Fitzpatrick also stated that Petrelis had a strong case for expedition of the documents’ release, but that part of the problem is that one needs to know what’s being requested before it can be expedited.
“Expedition is warranted when there is widespread media interest and the documents reflect on the integrity of the government,” he said. “I would think that most any records about the president that are not exempt from disclosure would meet that criteria.
“It is difficult to demonstrate why the documents meet the criteria before one knows what kind of documents are there, he continued. “It’s a little bit of a Catch-22.”
Petrelis said he wondered why the FBI didn’t state this in their July letter.
“Why wouldn’t the FBI explain this in their July letter?” he asked. “Why wouldn’t the FBI say that I need to get permission from the third party?”

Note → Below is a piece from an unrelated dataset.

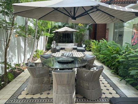 -Terraza con área de sala y amplia mesa para comidas y convivencia

I “believe that there still must be a public demand for his FBI file to be released,” he said. “If the White House responded to the pressure in February for his National Guard record, maybe they’ll respond to pressure if it’s created.”
Debbie Beatty, who works in the Historical and Executive Review Unit at the FBI and spoke for the FOIA office, stated the request was in the queue. She said that to her knowledge, no other media organization has requested Bush’s file.
“Not that I’m aware of,” Beatty said. “I supervise all incoming mail.”
Thousands of pages related to Kerry surveillance already released
Thousands of pages of FBI surveillance files relating to Sen. John Kerry’s anti-war protests when he was a member of Vietnam Veterans Against the War have been released in the last decade. Under the Freedom of Information Act, the FBI is obliged to release files on organizations, and can do so without the organization’s consent.
The FBI trailed Kerry in the early 1970s as he traveled the country, speaking out against the war and raising money.
Kerry, who obtained his personal FBI files years ago, knew of the surveillance, but the VVAW files obtained by a historian detail more extensive surveillance. Some of the files were stolen from the historian in March.
“It is almost surreal to learn the extent to which I was followed by the FBI,” Kerry said in a March statement. “The experience of having been spied on for the act of engaging in peaceful patriotic protest makes you respect civil rights and the Constitution even more.”
Petrelis has routinely championed causes that would have otherwise gotten scant media attention. He will be joined in Washington with his friend and fellow activist Wayne Turner. Both were members of the AIDS activist group ACT UP.
He organized boycotts against Miller and Marlboro because their parent company was the largest corporate donor to Senator Jesse Helms, and boycotts against Florida orange juice when growers hired Rush Limbaugh as a spokesperson, and the Coors Brewery for its donations to antigay think tanks.
In November of 2001, he and another activist were arrested for harassing the San Francisco Chronicle and the San Francisco Health Department with obscene and threatening phone calls regarding a proposed federal quarantine on people with AIDS.
All felony charges were dismissed in July 2003. Petrelis plead no contest to two charges of obscene phone calls.
Ultimately, Petrelis says he hopes Bush will agree to release his files. He noted that even candidate’s wives – Theresa Heinz Kerry – had begun releasing personal information. Heinz Kerry released her tax returns.
“The candidates have released financial and medical records to the press,” he said. “I think that’s good thing, and I think they should release their FBI files.”
“I would hope that the media scrutiny of the files would be equal to that on Kerry’s files,” he concluded.